Узнав такую сногсшибательную новость, горничная тут же бросилась со всех ног домой, чтобы поделиться ею с хозяйкой, но едва не налетела на коакого-то мальчишку.
— Ты что ль у молодой баронессы служишь? — поинтересовался он, дернув ее за подол шубки и воровато оглянулся.
— Я, — с достоинством, как и полагается уважающей себя прислуге в хорошем доме, отвечала ему Маша. — А тебе что с того?
— Письмо для твоей госпожи принес, — шмыгнул носом вихрастый посыльный.
— Так давай. Я передам.
— Не-а, велено лично в руки.
— Тогда сам неси.
— Еще чего! У вас там собака большая враз портки оборвет. Дураков нет!
— А мне какая печаль? Не хочешь отдавать, иди к Сердару, авось он передаст.
— Кобеля вашего Сердаром кличут? — заинтересовался мальчишка.
— Никто его не кличет. Он сам, куда ему надо приходит, да таким как ты уши откусывает!
— Беда, — задумался маленький проныра.
На самом деле, его старания были вполне понятны. Кто принесет послание, тому и чаевые, а уж если письмо долгожданное, так и награда может быть немалой. Вот только помогать ему Маша не собиралась, хотя…
Люсия Александровна в последнее время казалась сама не своя. Все душу ей этот проклятый Будищев вымотал! И письмо, конечно же, от него, от проклятущего! Вот и сидит юная баронесса дома, никуда глаз не кажет, даже в модные магазины… а раз новых вещиц у нее не появляется, стало быть, старые ей никуда девать не надо. А ведь могла бы Маше подарить!
И что делать? Вдруг она от этого письма повеселеет? А если, наоборот, еще больше закручинится? Ох, грехи наши тяжкие!
— Тебе, небось, господин Будищев заплатил за доставку? — как бы невзначай поинтересовалась она.
— А ты почем знаешь, что это от него?
— Да от кого же еще? Ни букета, ни коробочки с подарком, никакого другого презента. Сразу видать, кто посылал.
— Да, он.
— И что он скажет, коли узнает, что ты сплоховал, и письма не отдал?
— Не знаю, — насупился посыльный.
— Зато я знаю! Ох, чую, быть тебе драному…
— С чего бы? Я ему не служу, — неуверенно протянул мальчишка, в глубине души понимая, что если квартирант пожалуется отцу, служащему в его доме швейцаром, порки не миновать. Хотя, Дмитрий Николаевич жаловаться не станет, он такой…
— Ну, как знаешь, — пожала плечами девушка и хотела уже зайти в парадное, когда парнишка сдался.
— На держи, — насупившись буркнул он, — только беспременно в руки молодой баронессы передай!

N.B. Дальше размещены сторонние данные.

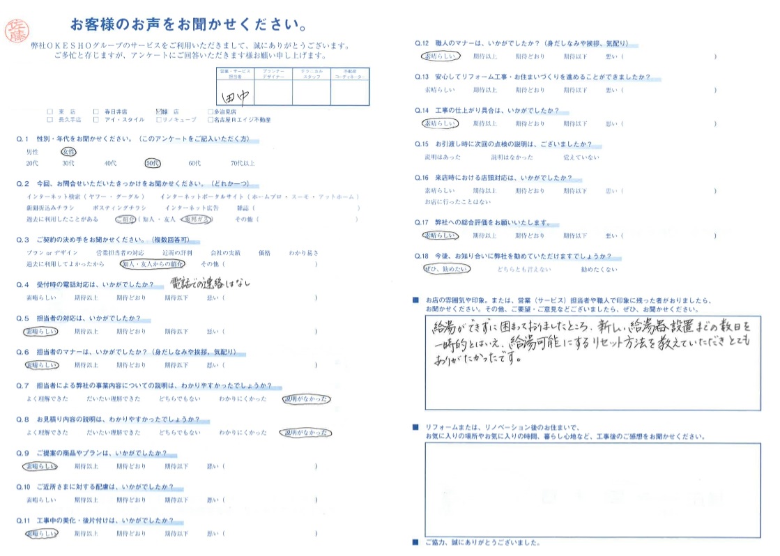 給湯ができずに困っておりましたところ、新しい給湯器設置までの数日を一時的とはいえ 給湯可能にするリセット方法を教えていただき とてもありがたかったです。

— Уж я-то передам, — с чувством полного превосходства отвечала ему горничная и спрятала конверт в муфту.
Остановившись у комнаты Люсии, Маша на секунду задумалась, а ну как Александр Людвигович узнает, что она письмоношей заделалась, но с другой стороны, а как ему узнать? И барышню жалко, вон на ней уже лица нет. Эх, была не была!
— Дозвольте зайти, Люсия Александровна, — тихонько поскреблась она в дверь.
— Заходи, — отозвалась хозяйка, и тут же спросила, — а где ты пропадала? Я тебя искала, но никто не знал где ты.
— Так к пирожнику ходила, узнать отчего нам булочек не принесли.
— А почему ты?
— Клара Ромуальдовна велели.
— Ты мне служишь или Кларе? — рассердилась Люсия, но, взглянув на смутившуюся горничную, смягчилась и добавила уже спокойно, — скажи ей, чтобы впредь тебя чужими обязанностями не занимали, а не поймет, так я сама с ней поговорю.